Avant de s’appeler la Rochefort 6, cette bière était nommée « La Trappiste ». Sa recette date de 1953 et n’a pas changé depuis. Des trois bières vendues par l’abbaye, c’est celle qui est brassée dans les plus faibles quantités, seulement quelques semaines par an. Sa production ne représente ainsi que 10% des bières brassées par Rochefort. Elle est par conséquent devenue une bière rare très recherchée par les connaisseurs. Sa robe est ambrée et est recouverte d’une mousse fine blanc cassé. Côté dégustation, on découvre des arômes de caramel, d’épices, de fruits noirs et de torréfaction.

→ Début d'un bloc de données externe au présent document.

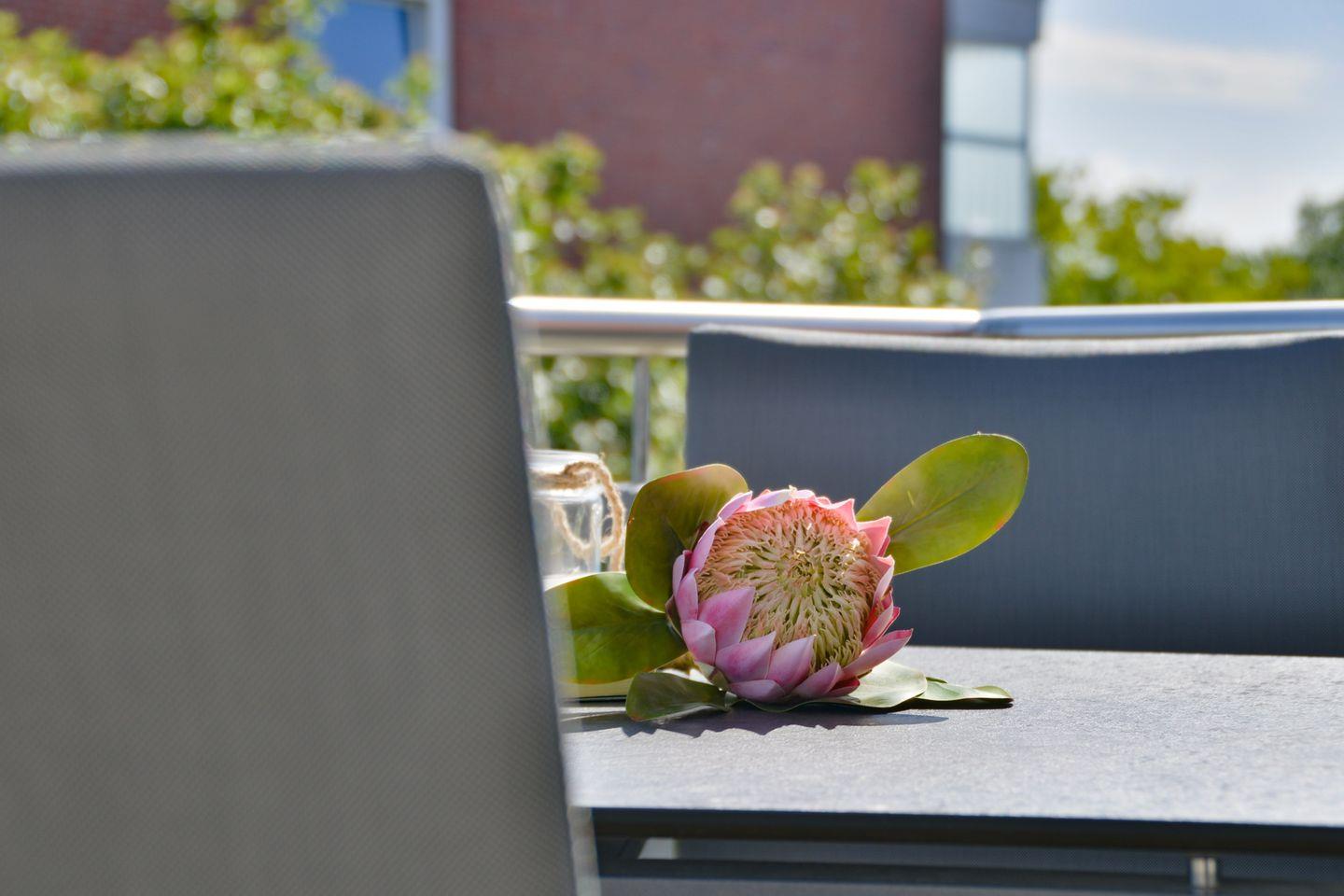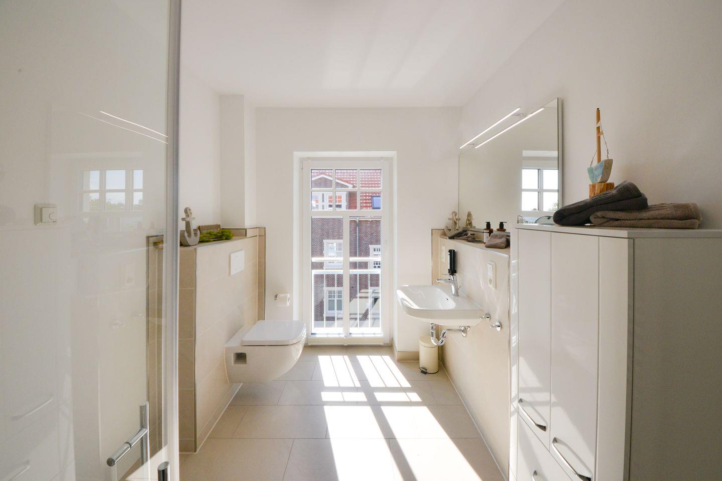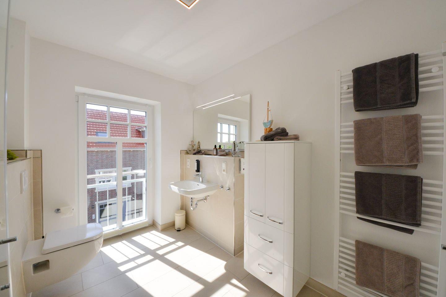 Das Tageslichtbad ist ausgestattet mit einer ebenerdigen Dusche. Zur Ausstattung gehört selbstverständlich ein großer beleuchteter Spiegel über dem Waschbecken, ein Föhn, ein Schminkspiegel und eine komplette Kosmetikserie. Sie brauchen weder Handwaschseife noch Duschgel oder Shampoo mitbringen. Dieses haben wir alles für Sie vorbereitet. Der Vollständigkeit halber gehören natürlich auch flauschige Duschtücher und Handtücher aus Biobaumwolle.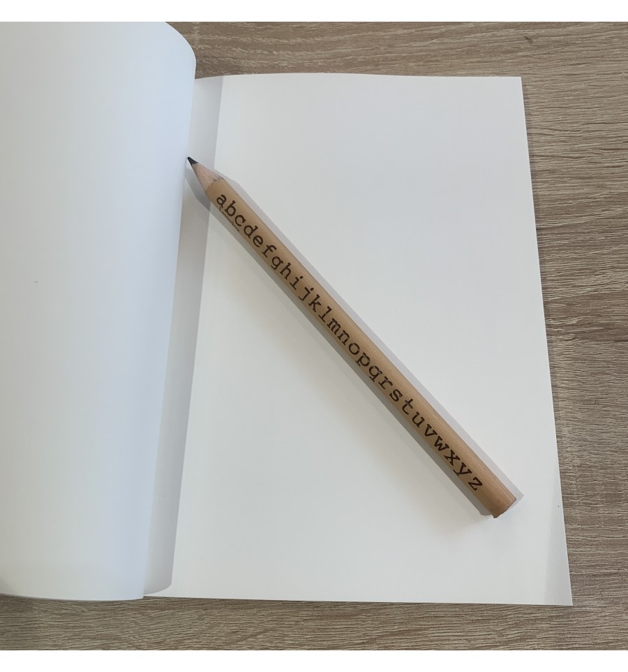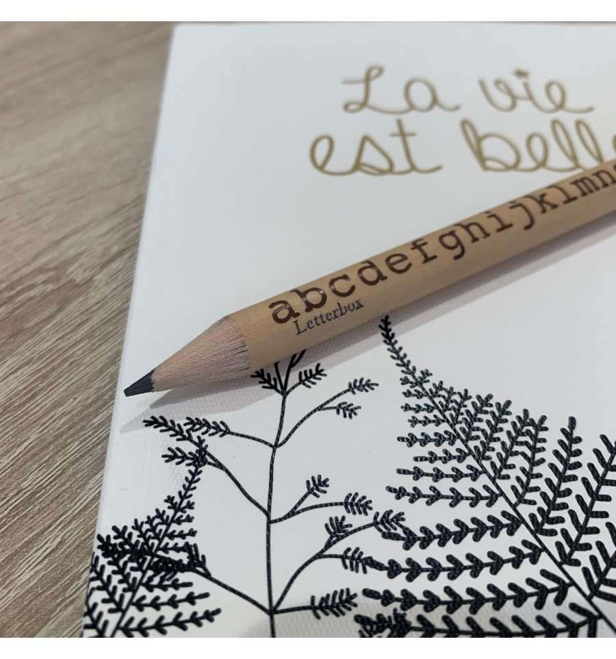 Un crayon à papier en bois où l'on retrouve toutes les lettres de l'alphabet de A à Z !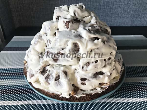 Переходим к сборке торта “Панчо” с ананасами и грецкими орехами.

La bière Trappiste Rochefort 6, autrement appelée « la Trappiste »

La Rochefort 8, la festive devenue populaire.

C’est aussi en 1953 que les moines ont lancé la Rochefort 8. Elle fut brassée pour fêter le Noël d’un très gros client de l’abbaye. Face à son succès, elle fut brassée pour le grand public en 1960. On l’appela alors aussi… la « Spéciale » ! Aujourd’hui, la Rochefort 8 est brassée deux semaines sur trois.

Visuellement, sa robe est brune orangée avec des couleurs légèrement caramélisées, surmontée d’une mousse fine beige. Le petit plus ? La Rochefort 8 est l’une des rares bières qui se bonifie avec le temps !

La bière trappiste de Rochefort numéro 8, la « Spéciale »

La Rochefort 10, la huitième « merveille » du monde ?

La Rochefort 10 était l’une des bières les plus fortes de Belgique lors de sa création dans les années 50. En effet volume d’alcool est de 11,3%. Aujourd’hui, elle est considérée comme l’une des meilleures bières du monde, puisqu’elle est notée 100/100 sur le site RateBeer. On la surnomme donc aussi « la Merveille » !

Sous sa robe brune et sa mousse beige, on laisse découvrir des notes de malt, de prune et de chocolat.

La bière trappiste Rochefort numéro 10, la « Merveille ».